Though cured with diasone, neither Madame Perehudoff nor Hum ever chose to leave. Both died in 1964. Ironically, Archange never contracted leprosy, though her parents and seven siblings had had the disease. Admitted as a teen, Archange endured to become the lazaretto’s final resident.
Down to one patient, the good sisters decided it was time to close shop. But Archange posed a problem. Having lived her whole life among lepers, she was unacceptable to any senior citizens’ residence in town.

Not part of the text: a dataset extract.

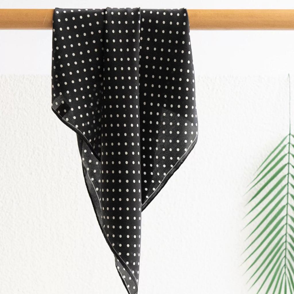 Квадратный платок 53 см из 100% шелка-мальберри с черным горошком, декоративная повязка для волос, галстук, маленький шейный платок для женщин

I didn’t cry when I read that. But it was close.
After much searching, a place was found for Archange away from Tracadie. One hundred and sixteen years after opening, the lazaretto finally closed its doors.
The year was 1965.
I stared at the date, hearing yet another subliminal whisper.
As before, I struggled to bring the message to clarity. My exhausted brain refused to process fresh data.
A weight hit my lap. I jumped.
Birdie brrrp-ed and rubbed his head on my chin.
“Where’s Harry, Bird?”
The cat brrrp-ed again.
“You’re right.”
Gathering the feline, I crawled into bed.
Harry was sitting on a carved wooden bench outside Obéline’s gazebo, the totem pole casting zoomorphic shadows across her face. She was holding a scrapbook, insisting I look.
The page was black. I could see nothing.